**PROBLEM DETAILS**
Starting with the line that has "鬆弛通勤 高克重醋酸羊毛灰直筒褲" in the records below and stopping after the line that has "Je reviens après", output every line exactly and nothing else; skip pictures.

**RECORDS FOR THIS TASK**
- Opening Delimiter -
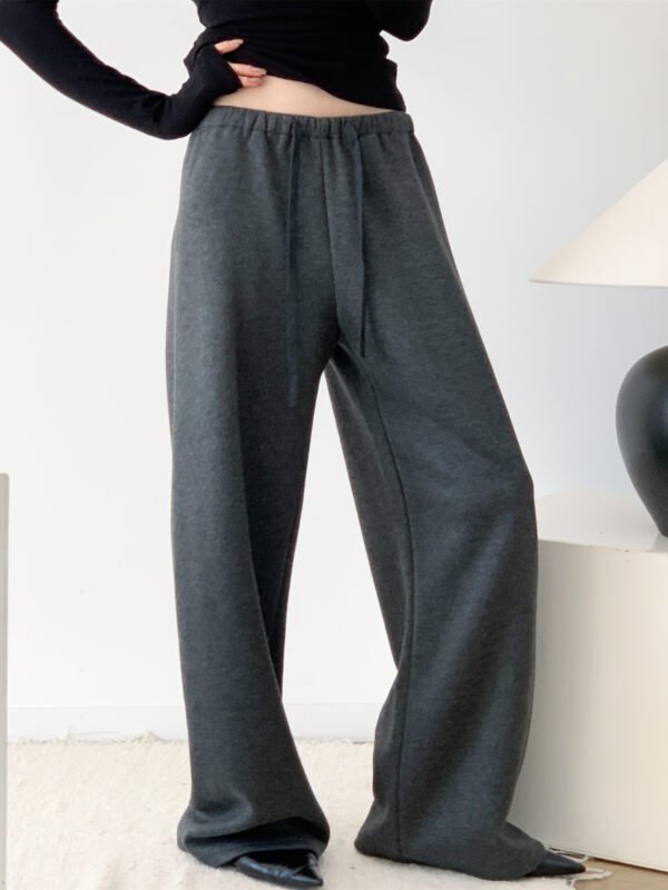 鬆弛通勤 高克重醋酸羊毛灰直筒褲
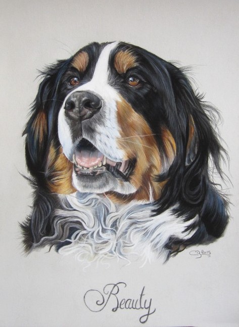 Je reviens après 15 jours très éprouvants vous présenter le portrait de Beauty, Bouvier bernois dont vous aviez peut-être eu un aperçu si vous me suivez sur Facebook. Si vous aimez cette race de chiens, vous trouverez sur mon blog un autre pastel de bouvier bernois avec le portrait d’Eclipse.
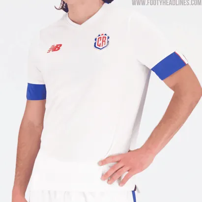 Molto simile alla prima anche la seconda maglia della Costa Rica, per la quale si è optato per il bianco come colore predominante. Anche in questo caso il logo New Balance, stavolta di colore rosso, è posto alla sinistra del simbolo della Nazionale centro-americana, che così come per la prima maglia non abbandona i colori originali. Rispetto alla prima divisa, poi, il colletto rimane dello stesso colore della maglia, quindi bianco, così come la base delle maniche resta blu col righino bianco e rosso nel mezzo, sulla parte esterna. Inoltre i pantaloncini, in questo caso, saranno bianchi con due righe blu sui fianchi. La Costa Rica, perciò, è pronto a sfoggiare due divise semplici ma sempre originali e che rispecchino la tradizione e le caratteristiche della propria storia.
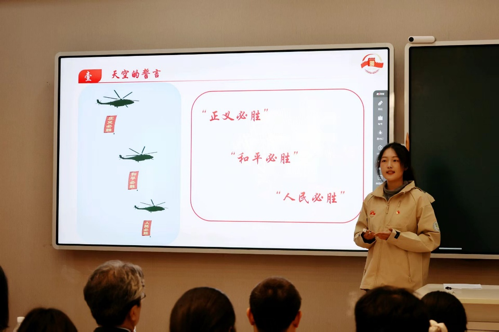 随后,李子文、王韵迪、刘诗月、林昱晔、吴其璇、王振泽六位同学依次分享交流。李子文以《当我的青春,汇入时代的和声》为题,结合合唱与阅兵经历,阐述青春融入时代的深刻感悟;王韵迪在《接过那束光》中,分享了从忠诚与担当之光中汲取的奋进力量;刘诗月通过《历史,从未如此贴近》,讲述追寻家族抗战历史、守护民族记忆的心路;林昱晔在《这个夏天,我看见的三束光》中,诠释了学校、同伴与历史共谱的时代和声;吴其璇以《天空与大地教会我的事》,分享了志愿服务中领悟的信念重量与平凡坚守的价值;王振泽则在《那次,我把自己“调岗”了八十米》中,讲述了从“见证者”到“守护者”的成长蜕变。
- Closing Delimiter -
- Opening Delimiter -
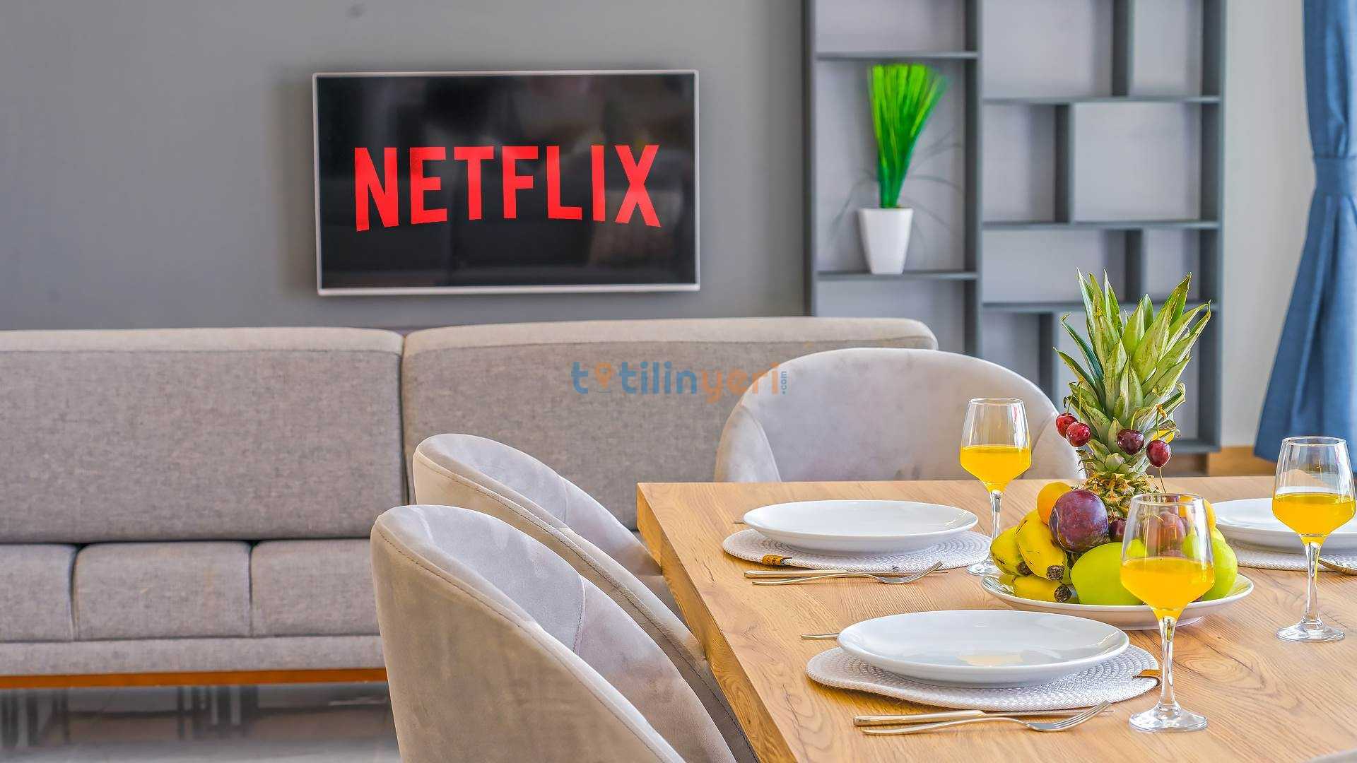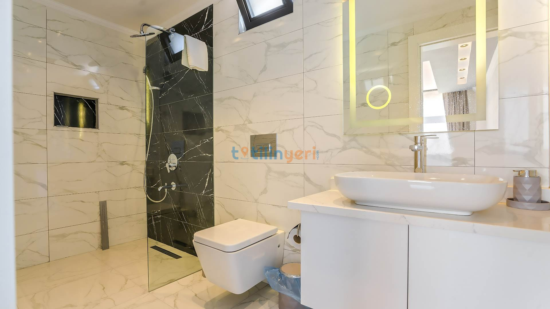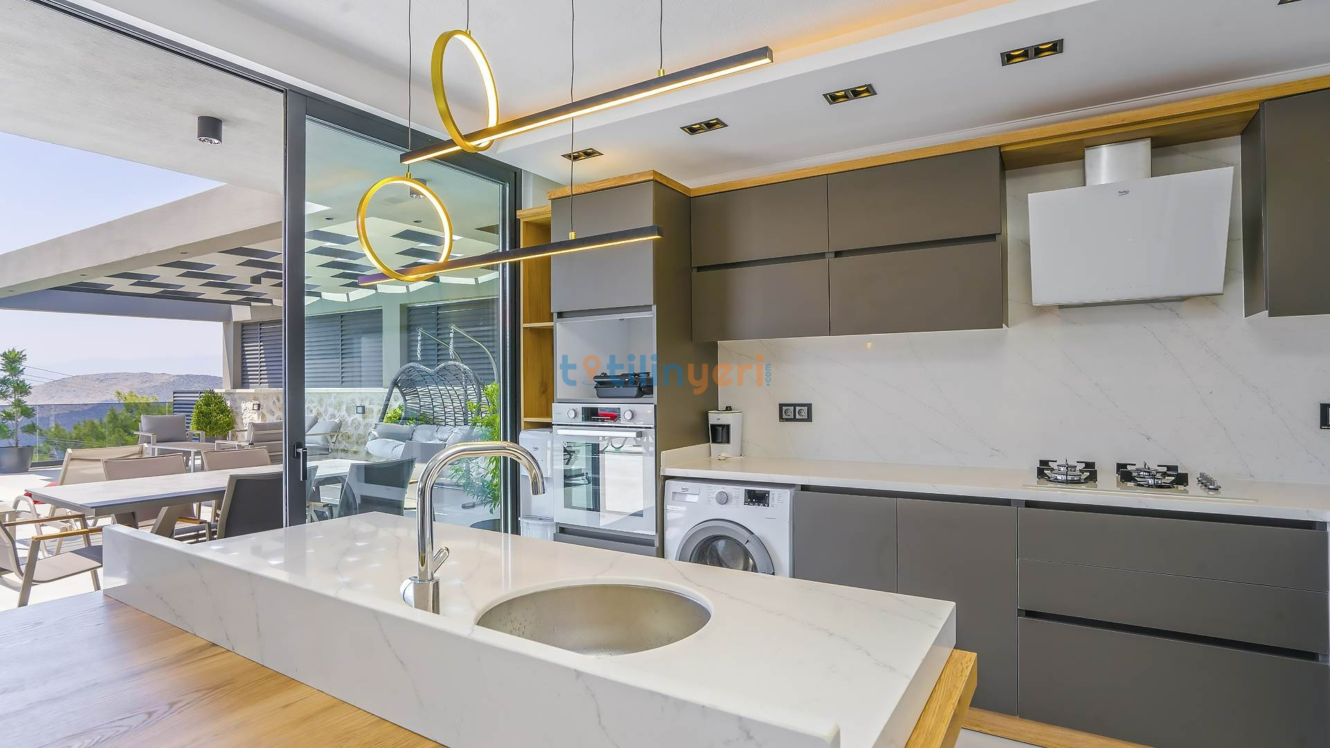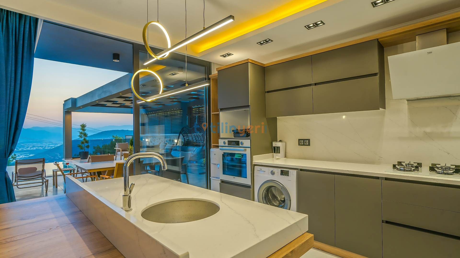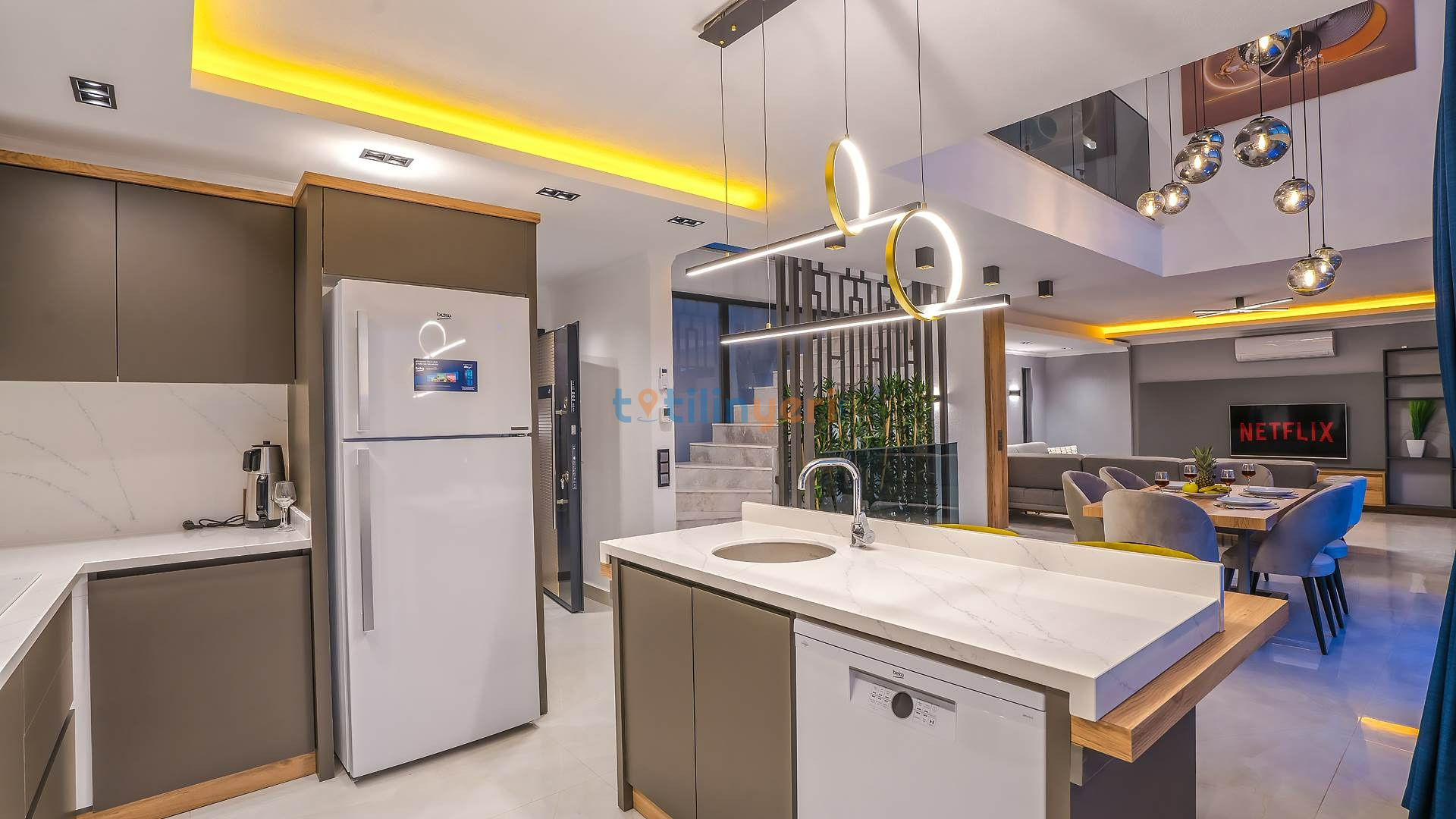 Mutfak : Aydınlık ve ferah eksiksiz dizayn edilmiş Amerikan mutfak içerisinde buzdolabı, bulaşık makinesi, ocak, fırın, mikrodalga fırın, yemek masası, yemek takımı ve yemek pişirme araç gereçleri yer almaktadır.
- Closing Delimiter -
- Opening Delimiter -
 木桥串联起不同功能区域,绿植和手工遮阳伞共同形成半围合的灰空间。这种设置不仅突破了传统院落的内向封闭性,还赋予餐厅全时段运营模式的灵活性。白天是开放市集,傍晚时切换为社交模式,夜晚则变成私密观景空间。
- Closing Delimiter -
**OUTPUT BELOW**
 鬆弛通勤 高克重醋酸羊毛灰直筒褲
 Je reviens après 15 jours très éprouvants vous présenter le portrait de Beauty, Bouvier bernois dont vous aviez peut-être eu un aperçu si vous me suivez sur Facebook. Si vous aimez cette race de chiens, vous trouverez sur mon blog un autre pastel de bouvier bernois avec le portrait d’Eclipse.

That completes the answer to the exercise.